Please give the whole listing again exactly, without any of its pictures.

(DATA FOR THIS EXERCISE):
○ ○ ○

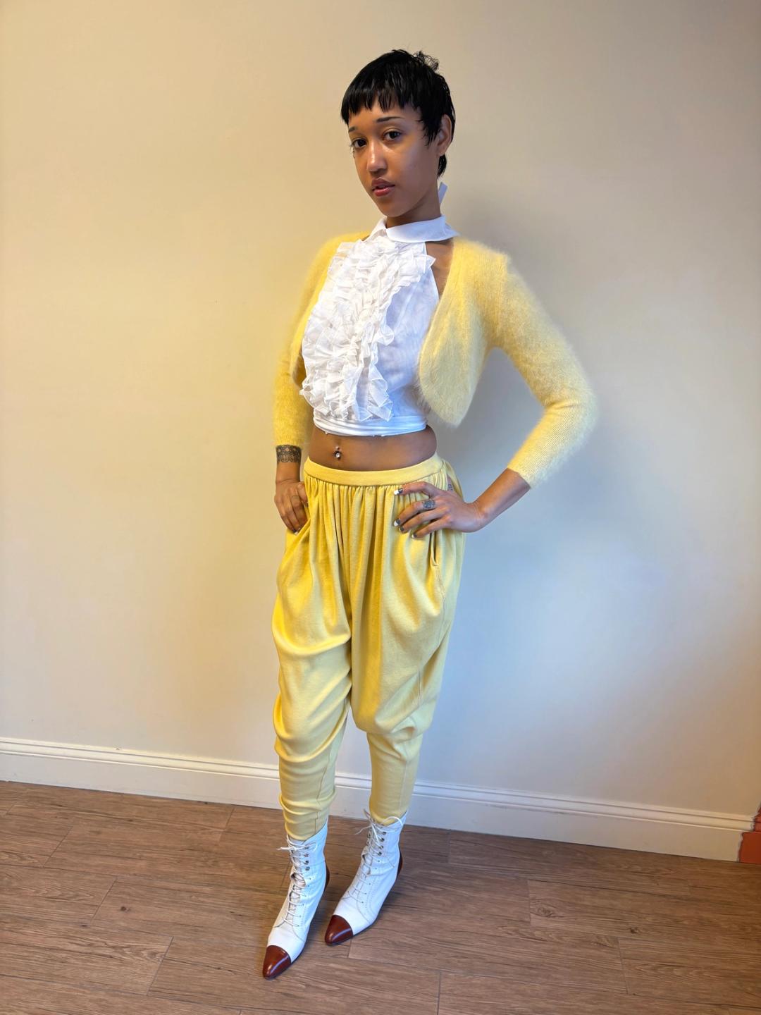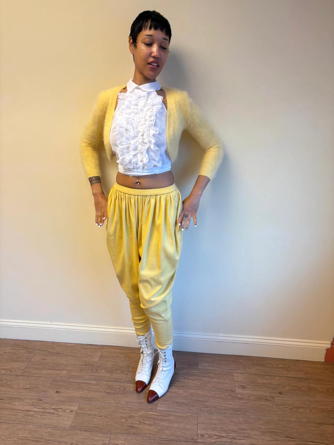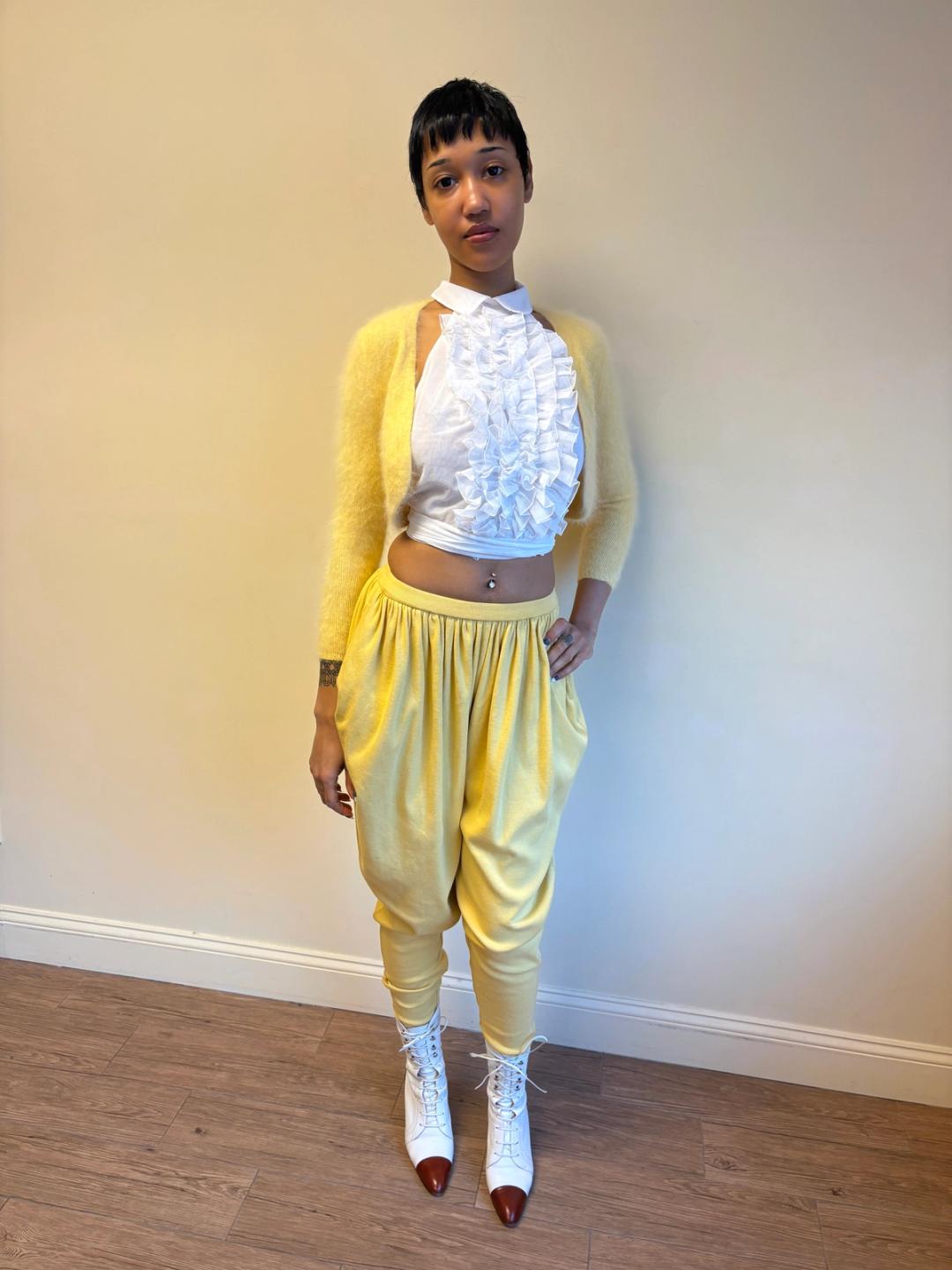 1980s Issey Miyake yellow pants in a gathered balloon style with pockets. Made from a thick cotton knit fabric. In excellent condition.
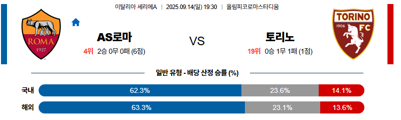 AS로마 대 토리노 세리에A 09월14일 맞대결 생중계, 스포츠중계, 스포츠분석
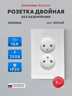 Розетка двойная Шнайдер без заземления в сборе ATLASDESIGN
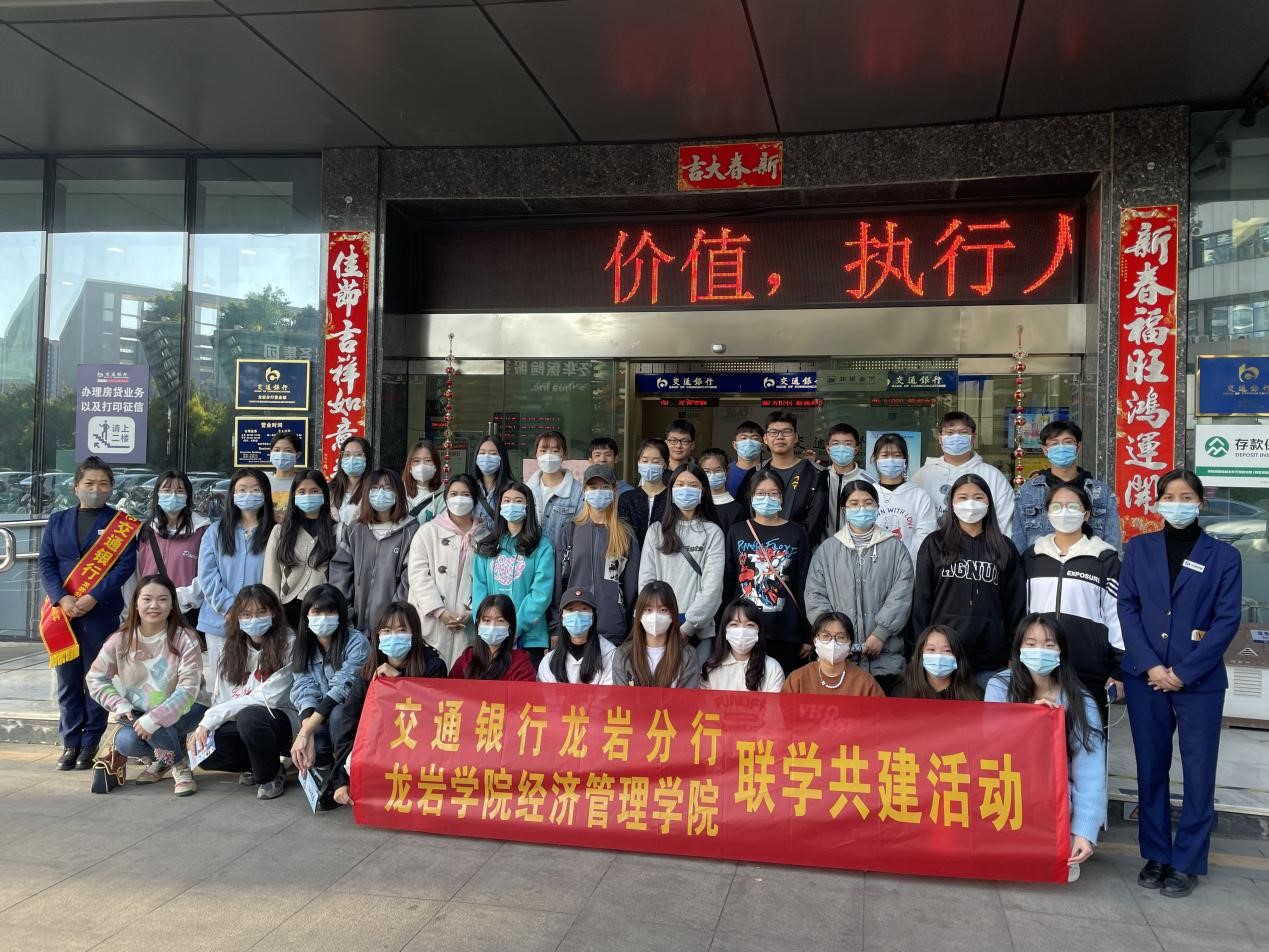 为使学生初步了解银行基础工作和日常工作内容,对银行业工作内容有初步概念,助力学生今后对投资、理财等方面的理解和学习,11月26日下午,经管学院20级投资班由林晓悦老师带队参观交通银行龙岩分行,进行联学共建活动。
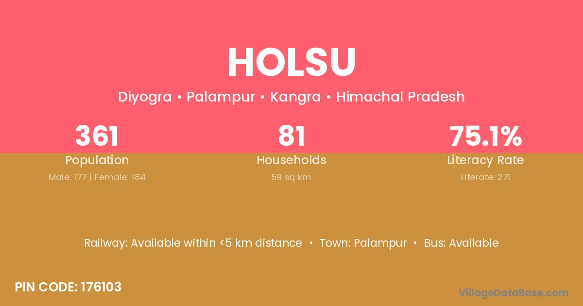 Palampur is the nearest town to Holsu village for major economic activities

○ ○ ○

(WRITTEN ANSWER):
 1980s Issey Miyake yellow pants in a gathered balloon style with pockets. Made from a thick cotton knit fabric. In excellent condition.
 AS로마 대 토리노 세리에A 09월14일 맞대결 생중계, 스포츠중계, 스포츠분석
 Розетка двойная Шнайдер без заземления в сборе ATLASDESIGN
 为使学生初步了解银行基础工作和日常工作内容,对银行业工作内容有初步概念,助力学生今后对投资、理财等方面的理解和学习,11月26日下午,经管学院20级投资班由林晓悦老师带队参观交通银行龙岩分行,进行联学共建活动。
 Palampur is the nearest town to Holsu village for major economic activities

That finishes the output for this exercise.